L’année suivante, le mouvement Solidarnosc s’empare du tiers des sièges de la Diète (Chambre basse du
Parlement), comme convenu dans l’accord, et de la totalité des sièges au Sénat. Le parti communiste qui,
comme le FLN en Algérie, régnait sans partage, est dissous et sera suivi par une purge au sein de la police
politique, également dissoute, remplacée par une nouvelle structure. “Le plus important était le consensus
politique et l’acceptation d’élections libres. Il y a eu des réformes politiques avec l’autorisation des partis et le
bannissement de la censure ; des réformes économiques avec l’autorisation d’entreprises privées et la mise en
place de nouveaux mécanismes même si aujourd’hui l’on s’interroge s’il fallait aller doucement ou opter pour la
rupture et, enfin, des réformes administratives avec la décentralisation et des pouvoirs délégués aux mairies”,
explique cet ancien opposant depuis les années 1960, membre de Solidarnosc, qui a connu le président dans les
geôles du parti communiste à la fin des années 1970. “Aujourd’hui, on ressemble à l’Occident, il y a un saut
civilisationnel”, se réjouit-il, lui qui a connu les affres du système communiste avec son cortège de privations et
de pénuries.
Quand l’esprit d’initiative se libère
Il n’a sans doute pas tort : la Pologne affiche aujourd’hui l’une des économies les plus performantes de l’UE.

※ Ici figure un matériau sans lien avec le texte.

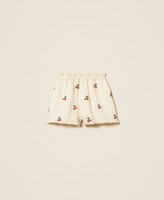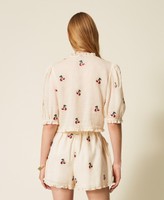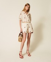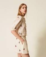 Ramie shorts with all-over cherry embroidery, a Twinset exclusive. Elasticated waist, ruffle hem, slant pockets, loose fit.
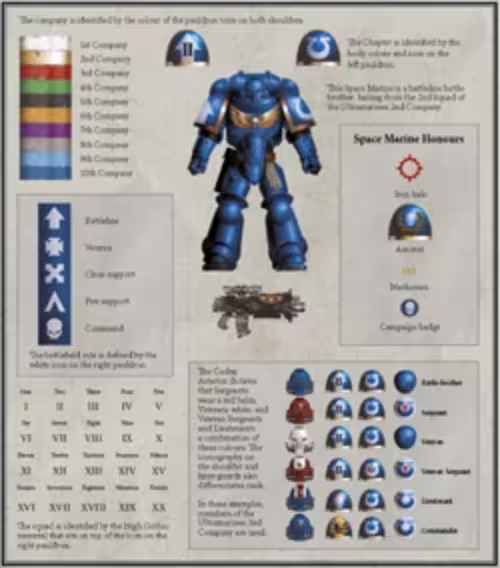 把這個看完,以後看到一個星際戰士你就知道他的具體信息了,雖然實際上這個僅能拿來看看極限戰士,很多團並不遵守這些規則,就連極限戰士的子團都有些許變動。

Malgré quelques insuffisances, elle présente les aspects d’un pays en plein développement où de grandes
entreprises internationales ont pignon sur rue. Presque entièrement rasée pendant la Seconde Guerre mondiale
par les Nazis, Varsovie a été reconstruite et d’anciens quartiers ont été réhabilités à l’identique grâce à des
tableaux de peintres récupérés
d’Allemagne. “La transition a libéré l’esprit d’initiative et la débrouille. Les politiques ont pris des décisions
audacieuses qui ont permis de relancer l’économie. La privatisation du patrimoine public s’est faite entre une à
deux années. En plus d’avoir connu un afflux rapide des capitaux étrangers, la main-d’œuvre a un coût faible (le
Smig est à 1 680 zlotys, soit 420 euros) alors que le cadre juridique a rassuré les étrangers. On a gardé un
avantage concurrentiel. La Pologne est sans doute le pays qui a su profiter de l’adhésion à l’UE, en termes de
fonds utilisés”, explique Mme Julita Zylinska, journaliste, coordinatrice chargée des questions économiques à
l’agence de presse polonaise. Et si la Pologne a été épargnée par la crise qui a touché l’Europe depuis 2008,
c’est parce que le pays coopère essentiellement avec l’Allemagne, son principal partenaire, elle aussi épargnée
par la crise, et dispose d’un grand marché intérieur.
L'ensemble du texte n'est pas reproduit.